Problem details:
The answer is to be the data that follows, transcribed exactly, minus its pictures.

Material provided:
---
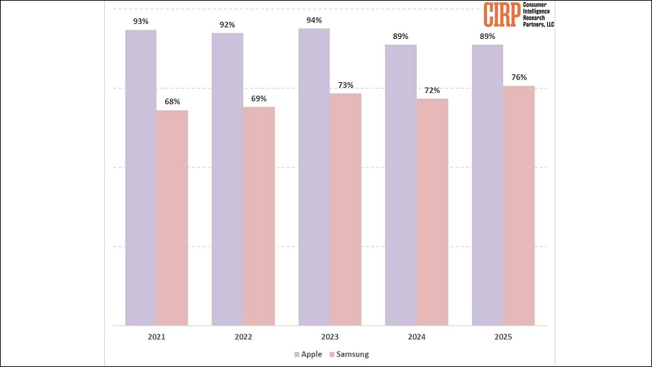 तुलनाको लागि, सामसङ प्रतिको लोयल्टि (वफादारी) सन् २०२१ र सन् २०२५ को बीचमा ६८ प्रतिशत बाट ७६ प्रतिशतमा पुगेको र ८ प्रतिशतले वृद्धि भएको बताइएको छ। यद्यपि, रिपोर्टमा स्याम्पल साइज (नमूना आकार) वा मार्जिन इरर (त्रुटि) जस्ता विशिष्ट डाटाको अभाव रहेको उल्लेख गरिएको छ।
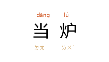 ⒊ 當鑪:亦作“当壚”。《汉书·司马相如传上》作“当卢”。
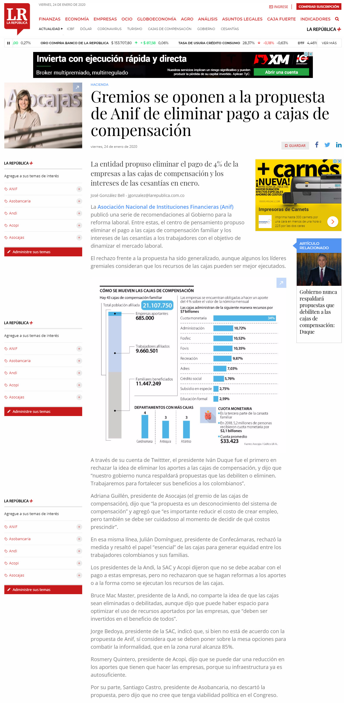 GREMIOS SE OPONEN A PROPUESTA DE ELIMINAR PAGO A CAJAS DE COMPENSACIÓN, LAREPUBLICA CO
---
Answer for the task:
 तुलनाको लागि, सामसङ प्रतिको लोयल्टि (वफादारी) सन् २०२१ र सन् २०२५ को बीचमा ६८ प्रतिशत बाट ७६ प्रतिशतमा पुगेको र ८ प्रतिशतले वृद्धि भएको बताइएको छ। यद्यपि, रिपोर्टमा स्याम्पल साइज (नमूना आकार) वा मार्जिन इरर (त्रुटि) जस्ता विशिष्ट डाटाको अभाव रहेको उल्लेख गरिएको छ।
 ⒊ 當鑪:亦作“当壚”。《汉书·司马相如传上》作“当卢”。
 GREMIOS SE OPONEN A PROPUESTA DE ELIMINAR PAGO A CAJAS DE COMPENSACIÓN, LAREPUBLICA CO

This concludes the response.